1 Korinthiërs 14:26-33 Het Boek (HTB)
Weet u hoe het moet, broeders en zusters? Als u bijeenkomt, neemt ieder deel aan de dienst. De een zingt een lied, de ander onderwijst. De een geeft door wat God hem duidelijk heeft gemaakt, de ander spreekt in klanktalen en weer een ander legt uit wat hij zegt. Maar het moet wel opbouwend zijn. Er mogen niet meer dan twee of drie hardop in een klanktaal spreken en dan niet tegelijk, maar om de beurt. Bovendien moet iemand uitleggen wat het betekent. Als die er niet is, mag u in de gemeente niet hardop in een klanktaal spreken. Doe het dan maar stil voor uzelf en voor God. Er mogen ook niet meer dan twee of drie personen namens God spreken. Bovendien moeten de anderen beoordelen of hun woorden door God zijn ingegeven of niet. Maar als er iemand zit aan wie God ineens iets duidelijk maakt, moet degene die juist aan het woord was, stoppen met spreken. Als het zo gaat, komen allen die woorden van God kunnen doorgeven aan de beurt. Daardoor zullen alle aanwezigen iets leren en bemoedigd worden. Wie woorden van God doorgeven, kunnen daar best even mee wachten tot een geschikt moment. God wil geen wanorde, maar vrede en harmonie in alle gemeenten.
1 Korinthiërs 14:26-33 BasisBijbel, de bijbel in makkelijk Nederlands (BB)
Wat moeten jullie dus doen, broeders en zusters? Elke keer als jullie samenkomen, hebben jullie allemaal iets van de Heer gekregen om met de andere mensen te delen. De één komt met een lied. Een ander legt iets uit over het Woord. Weer een ander vertelt iets wat God hem heeft laten zien. En weer een ander spreekt in een taal van de Geest en legt uit wat hij zegt. Maar alles moet zó gebeuren, dat de anderen er iets aan hebben. Als mensen iets in een taal van de Geest willen zeggen, mogen dat er maar twee of drie zijn.
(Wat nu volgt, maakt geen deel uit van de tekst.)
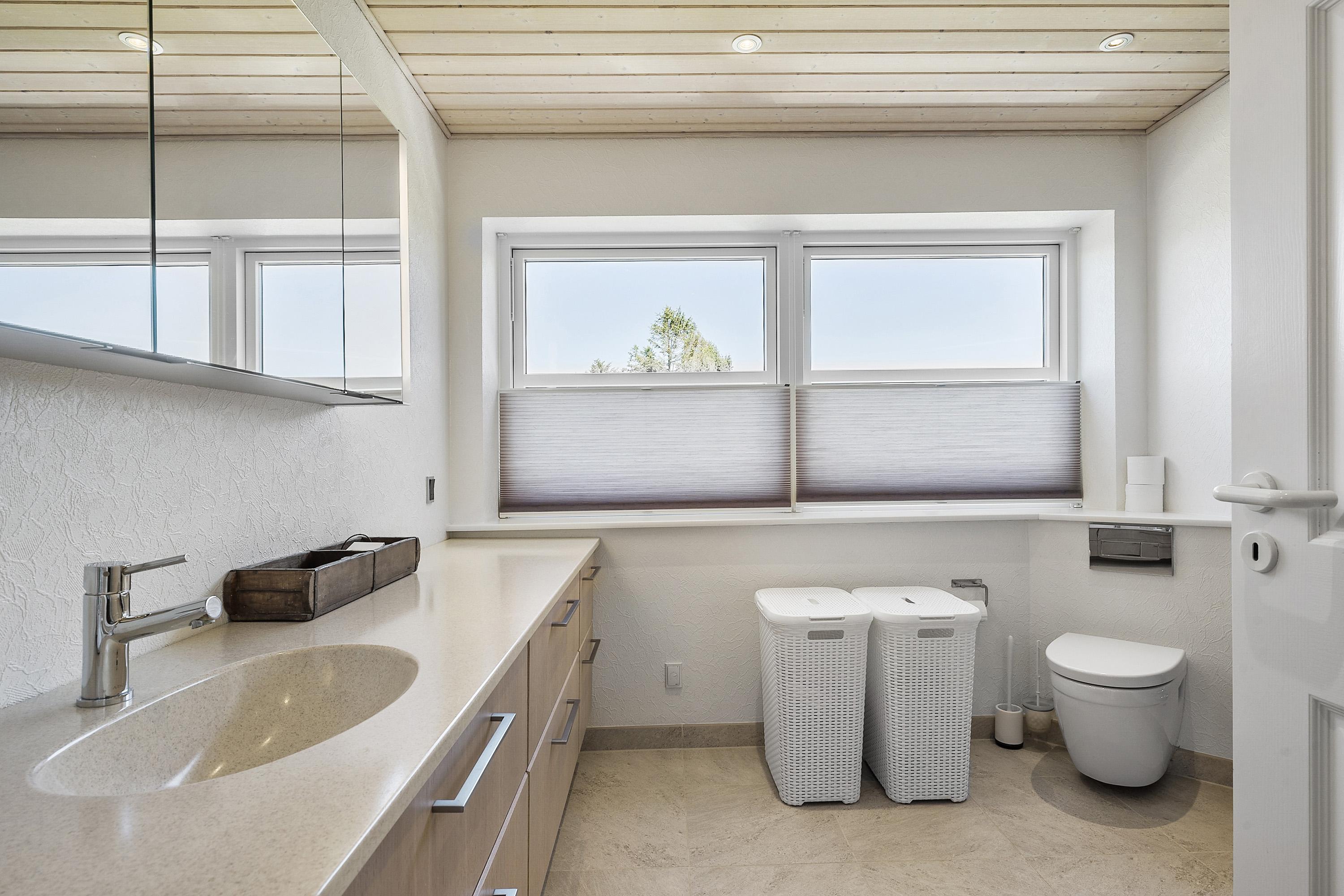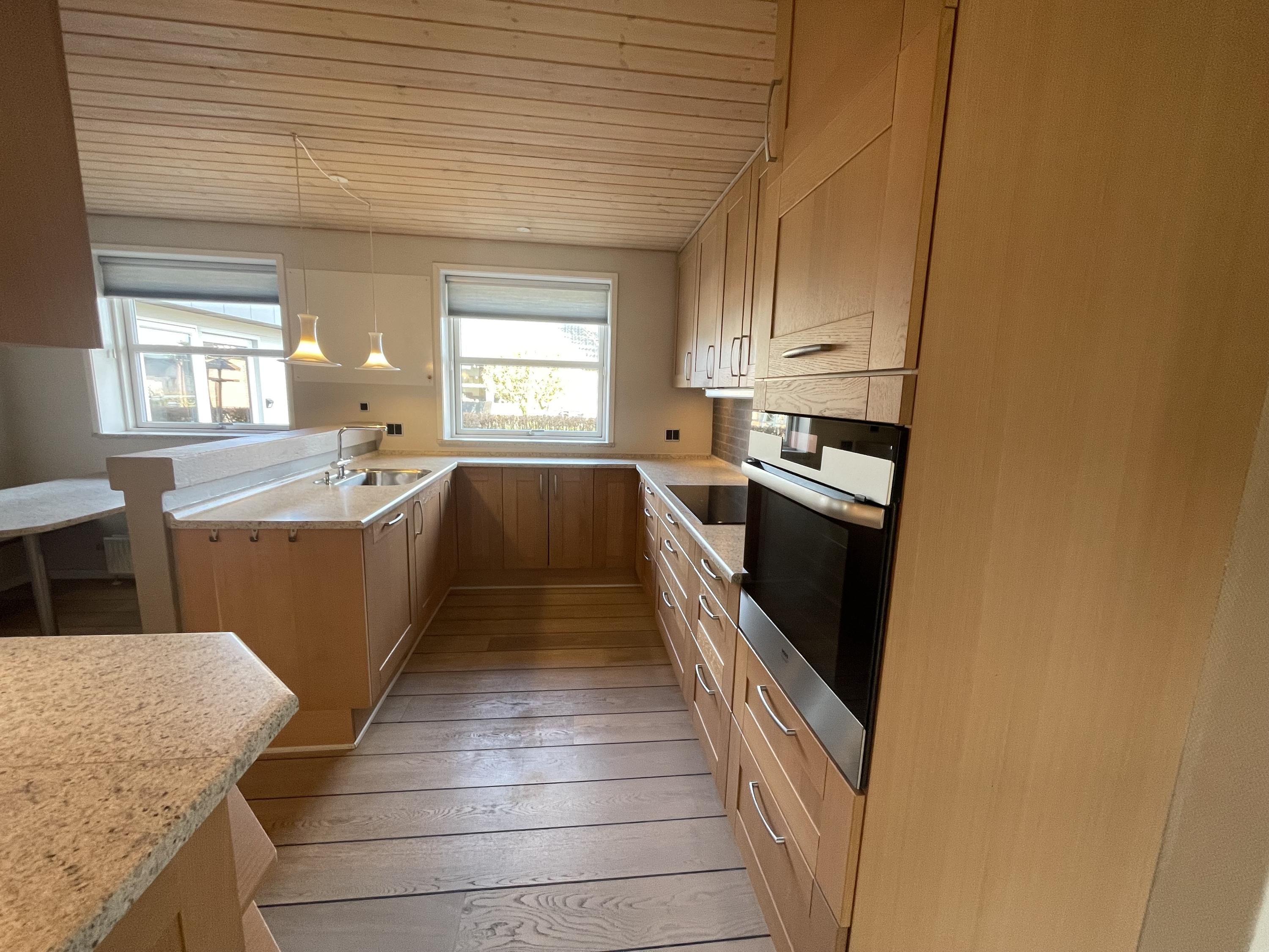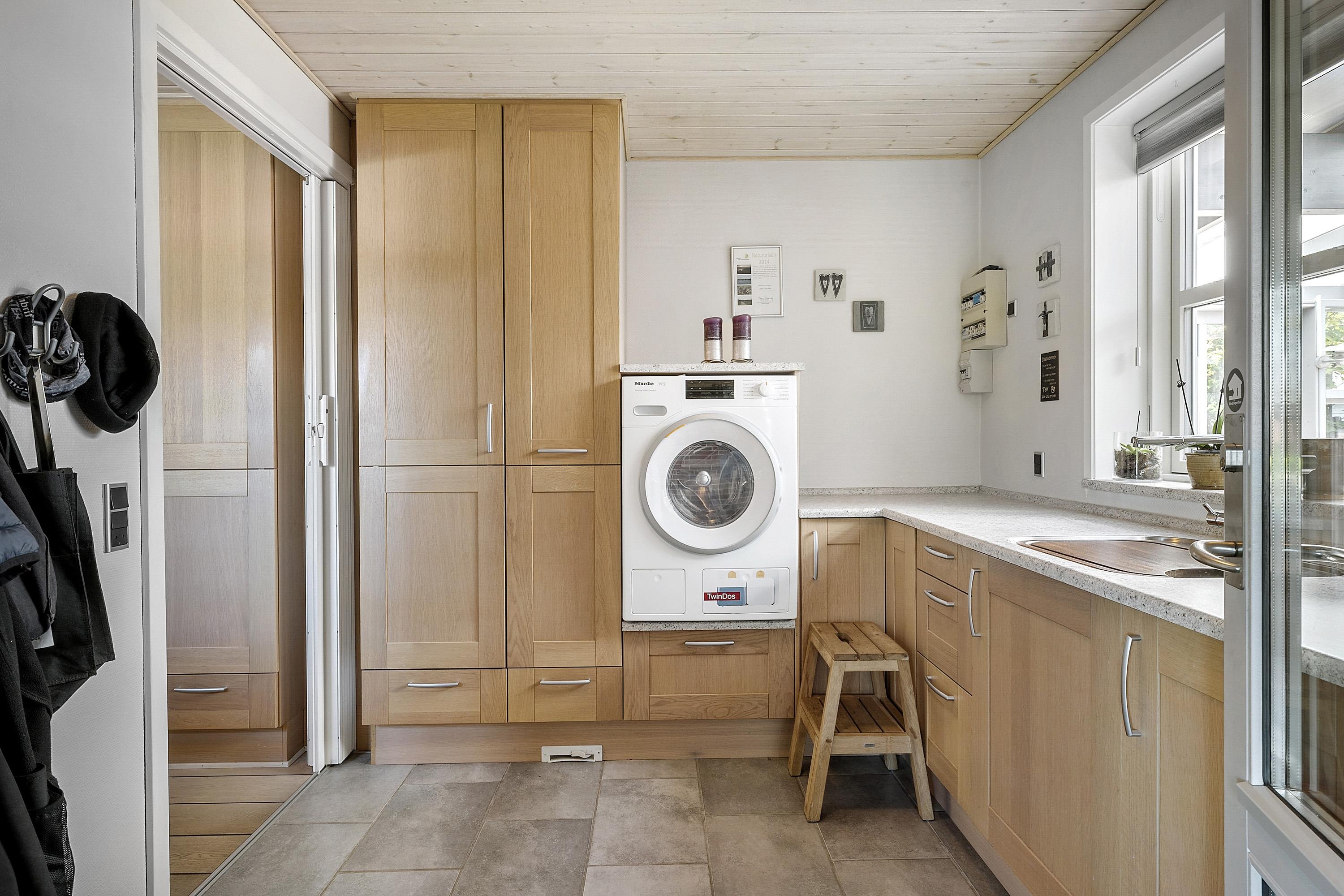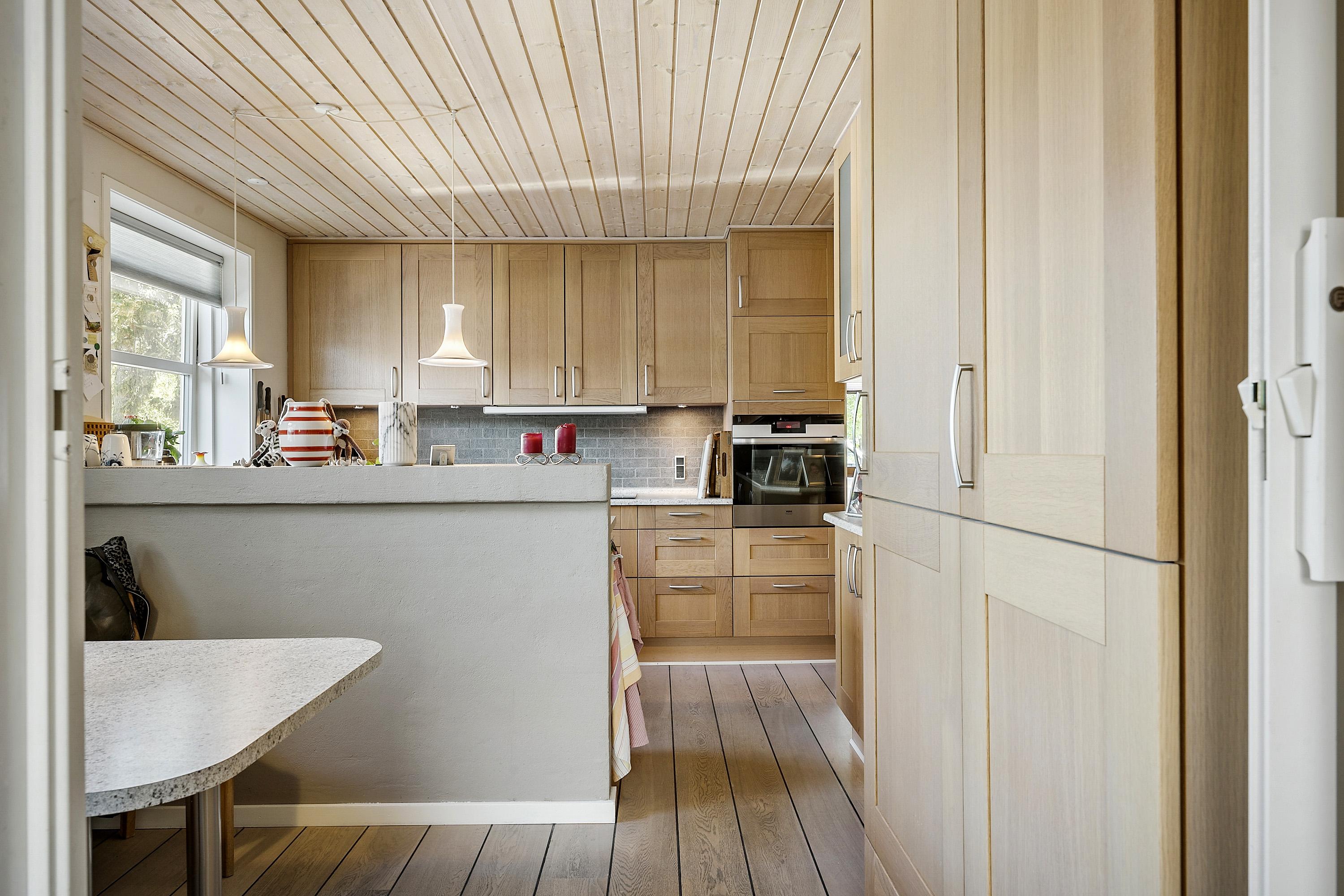 Villaen er opført i 1981 i charmerende rødbrune sten og tilbyder et væld af moderne faciliteter som vedligeholdelsesfrie materialer og solceller, der sikrer en energieffektiv
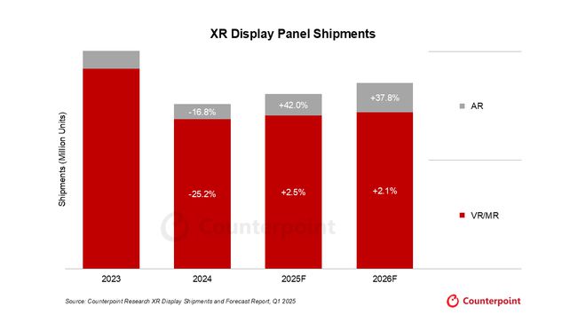 市場調查機構 Counterpoint Research 于 5 月 3 日發布博文,預估 2025 年全球 XR 頭顯屏幕出貨量同比增長 6%,其中 AR 眼鏡出貨量將大幅增長 42%,遠超 VR 設備(2.5%),成為增長最快的細分領域。
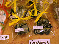 彼女は、よい子には甘いお菓子を、悪い子だった子には「炭」を届けるのです。だから何か届いている、と思っても油断できません。開いてみると、それは「炭」かもしれないのです。子供にも厳しいイタリアです。
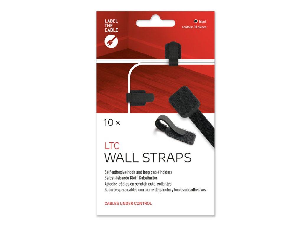 LABEL THE CABLE Nástenný držiak káblov na suchý zips sada 10 ks - čierny
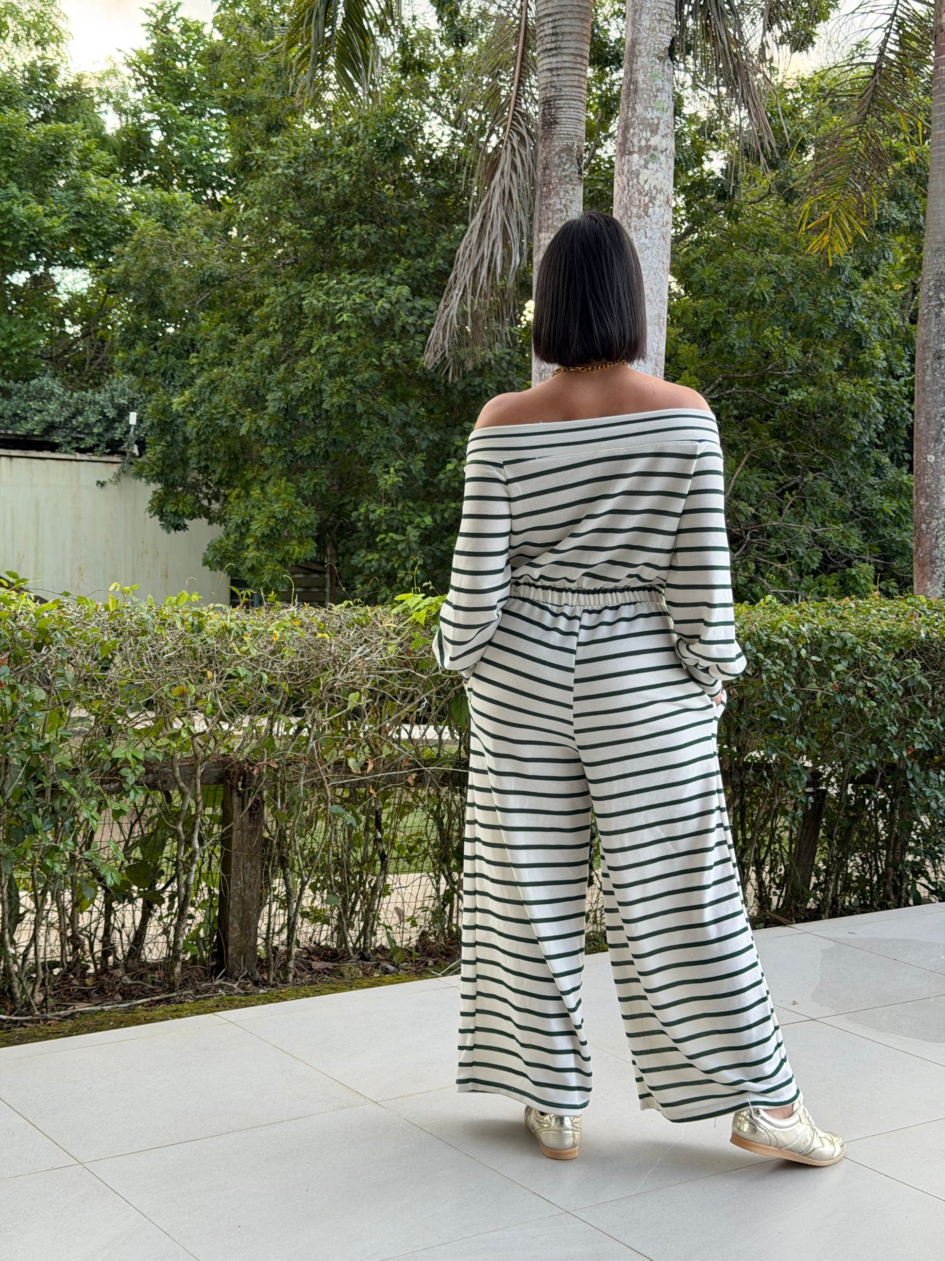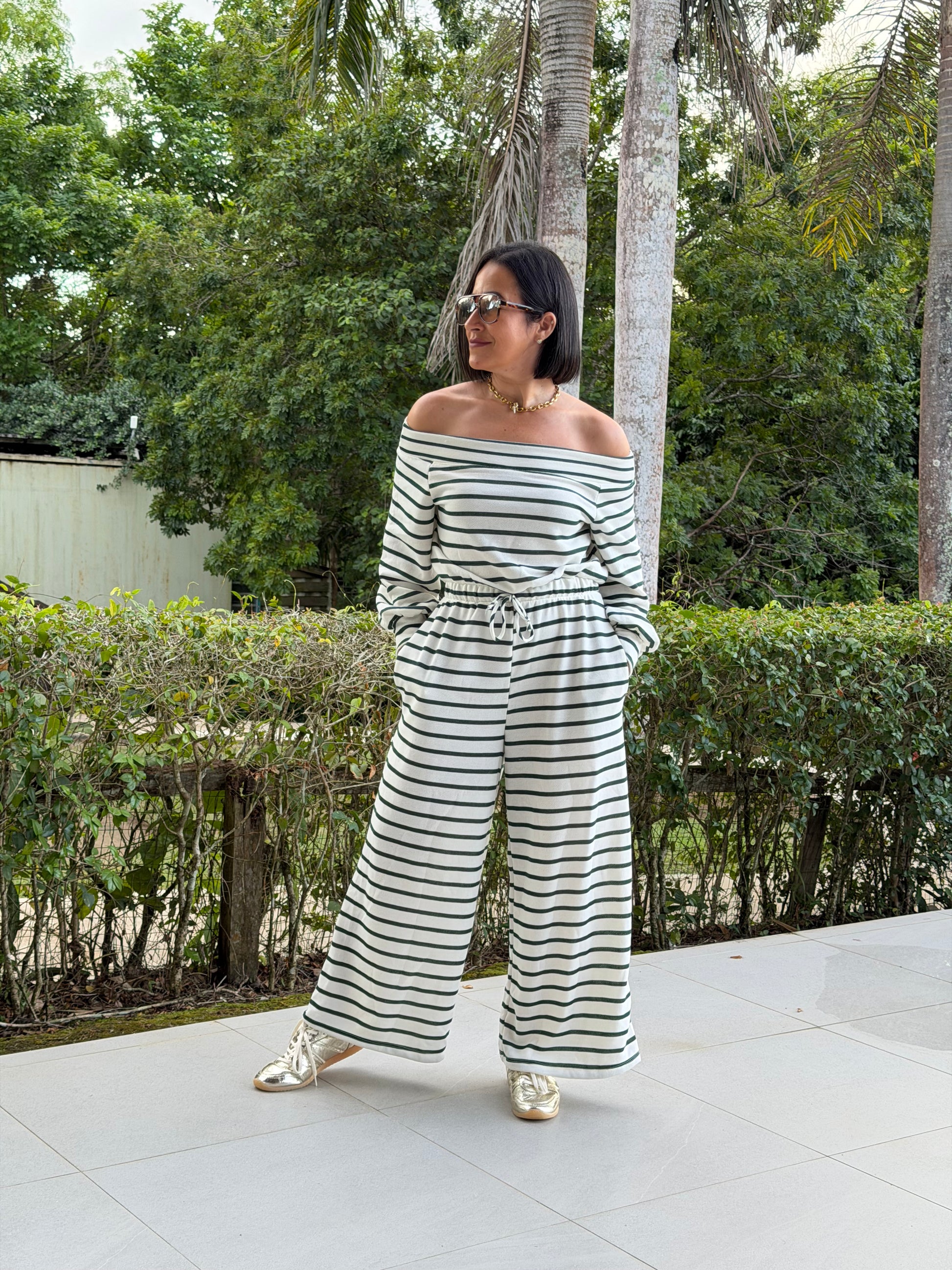 ✨ Off-Shoulder Striped Terry Jumpsuit ✨
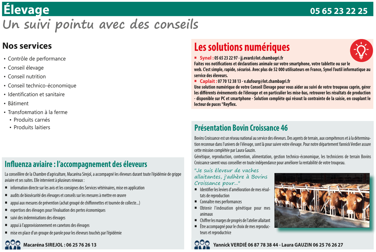 Agriculture janvier 27, 2023 Aucun Commentaire 644 La Chambre d’agriculture du Lot vous accompagne : Focus sur le service Elevage ✍️ TEST SIGNATURE
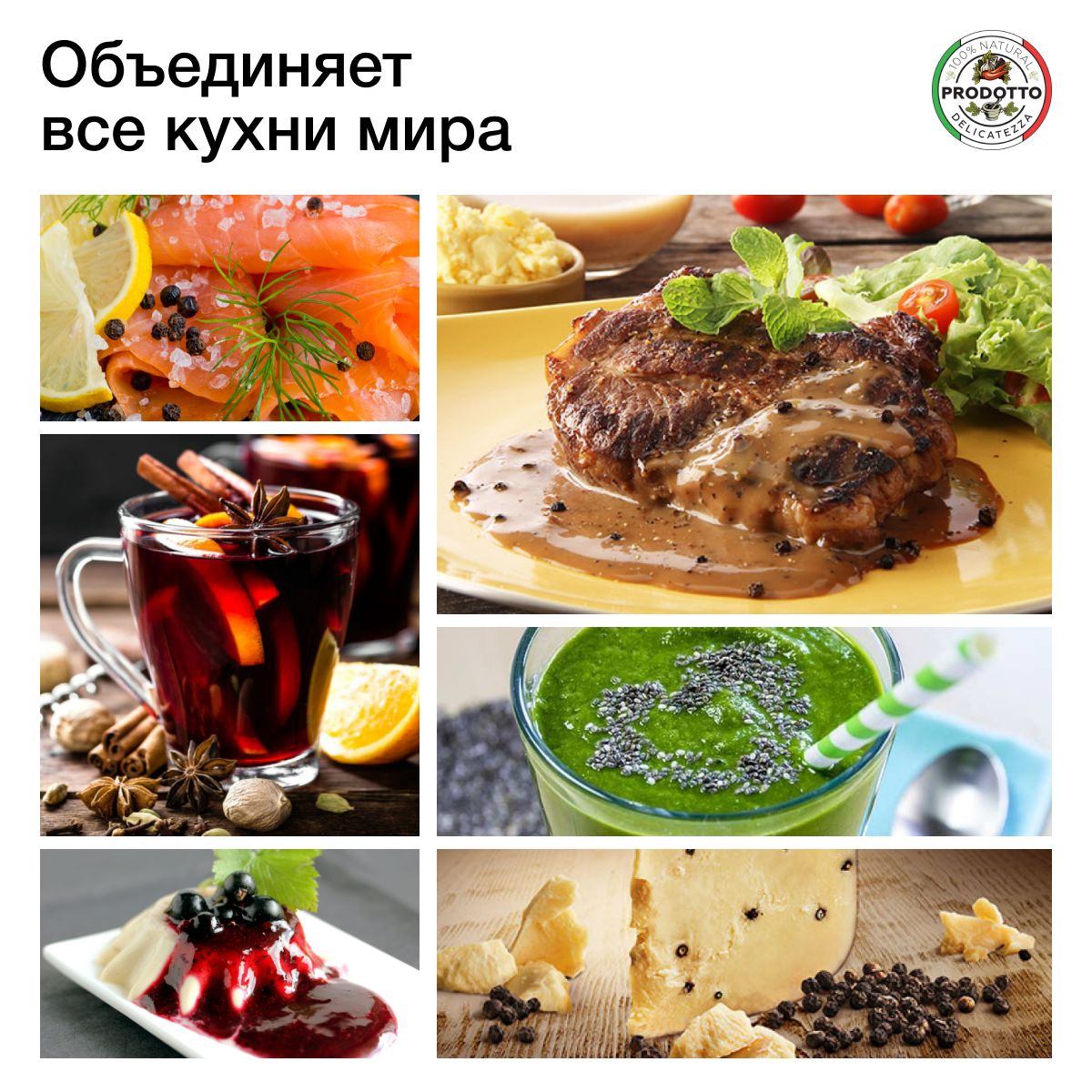 Описание: Черный перец считается одной из самых популярных специй. Его можно использовать как приправу практически ко всем основным блюдам. Отлично подходит данная специя для улучшения запаха и вкуса различных мясных и рыбных блюд, холодных закусок и салатов.

Ze moeten om de beurt spreken. En iemand moet het uitleggen. Als er niemand is die het kan uitleggen, moeten ze ook niet tegen de gemeente in talen van de Geest spreken. Ze mogen dan wel voor zichzelf tegen God in een taal van de Geest spreken. Wat betreft de profeten: twee of drie mogen profeteren tot de gemeente. De anderen moeten nagaan of het klopt. Maar als God aan iemand anders die daar is plotseling iets laat zien, moeten de anderen hun mond houden. Op die manier kunnen jullie allemaal één voor één profeteren. Dan hebben alle mensen er iets aan en worden ze erdoor aangemoedigd en opgebouwd. De profeten zijn de baas over hun eigen geest, dus ze kunnen zwijgen als dat nodig is. Want God is geen God van wanorde, maar van vrede.